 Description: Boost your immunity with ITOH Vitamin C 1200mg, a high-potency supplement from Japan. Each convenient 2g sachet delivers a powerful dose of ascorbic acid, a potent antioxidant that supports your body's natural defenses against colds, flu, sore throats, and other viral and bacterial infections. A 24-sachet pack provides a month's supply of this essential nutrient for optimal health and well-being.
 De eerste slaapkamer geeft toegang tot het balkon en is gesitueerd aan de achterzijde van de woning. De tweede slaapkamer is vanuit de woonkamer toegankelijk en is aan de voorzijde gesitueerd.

__________

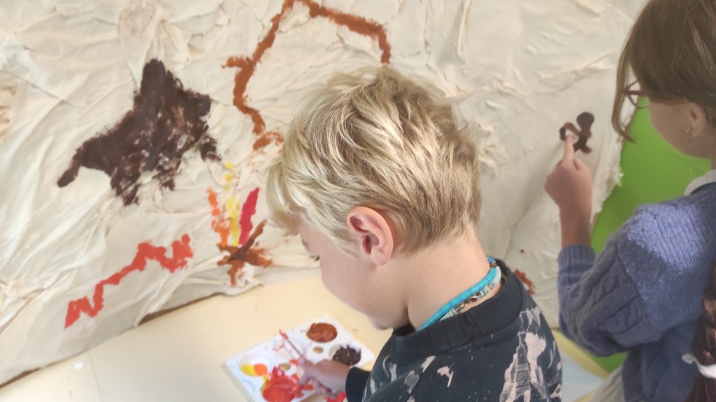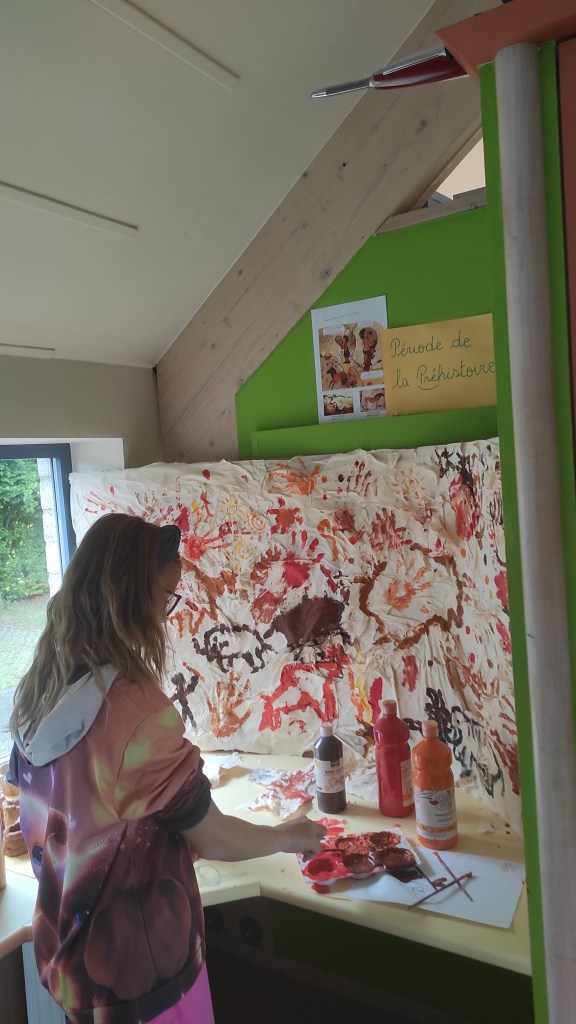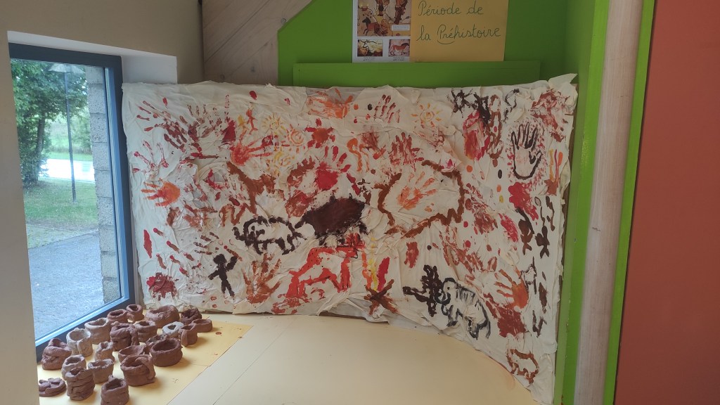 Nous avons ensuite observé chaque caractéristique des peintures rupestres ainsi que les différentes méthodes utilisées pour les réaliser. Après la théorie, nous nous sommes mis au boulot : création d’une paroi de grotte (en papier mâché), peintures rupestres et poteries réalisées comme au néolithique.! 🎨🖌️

__________

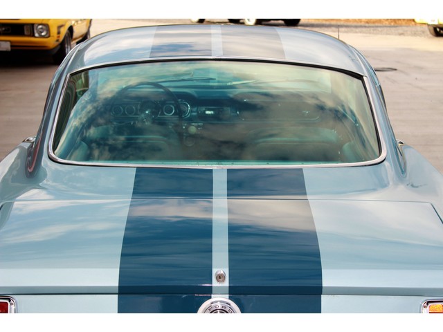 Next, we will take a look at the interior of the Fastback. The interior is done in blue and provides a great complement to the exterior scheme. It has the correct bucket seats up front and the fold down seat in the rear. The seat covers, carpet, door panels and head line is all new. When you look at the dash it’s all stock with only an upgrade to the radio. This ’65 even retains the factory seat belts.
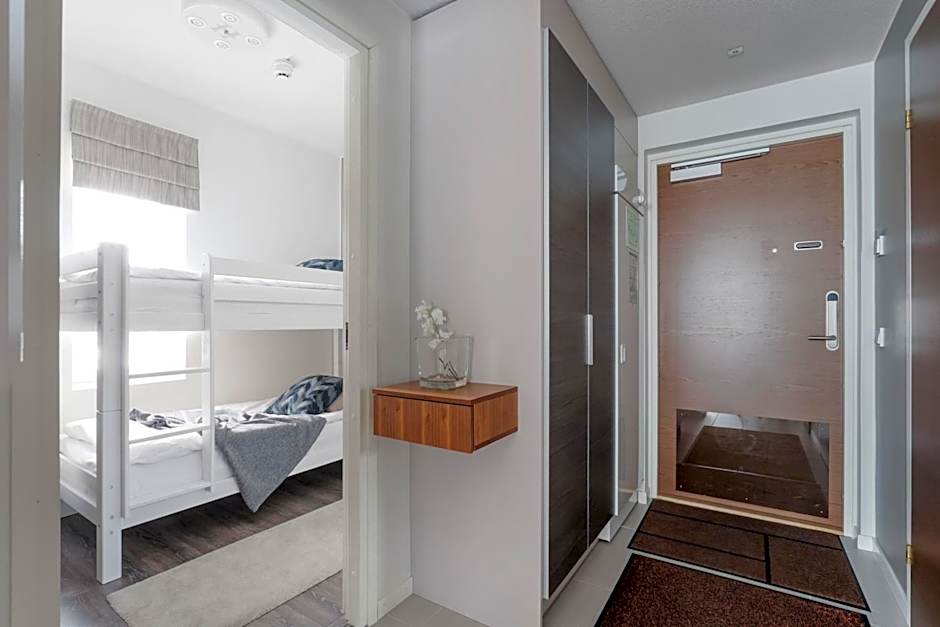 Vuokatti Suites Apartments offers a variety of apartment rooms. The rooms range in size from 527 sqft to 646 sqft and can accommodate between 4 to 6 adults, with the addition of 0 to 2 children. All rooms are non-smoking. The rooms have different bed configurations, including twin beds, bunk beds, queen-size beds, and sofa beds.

__________

# Problem details:
Could you restate word for word the lines above, from the one that contains "Description: Boost your" through the one that contains "De eerste slaapkamer", and no others?

# Solution for this problem:
 Description: Boost your immunity with ITOH Vitamin C 1200mg, a high-potency supplement from Japan. Each convenient 2g sachet delivers a powerful dose of ascorbic acid, a potent antioxidant that supports your body's natural defenses against colds, flu, sore throats, and other viral and bacterial infections. A 24-sachet pack provides a month's supply of this essential nutrient for optimal health and well-being.
 De eerste slaapkamer geeft toegang tot het balkon en is gesitueerd aan de achterzijde van de woning. De tweede slaapkamer is vanuit de woonkamer toegankelijk en is aan de voorzijde gesitueerd.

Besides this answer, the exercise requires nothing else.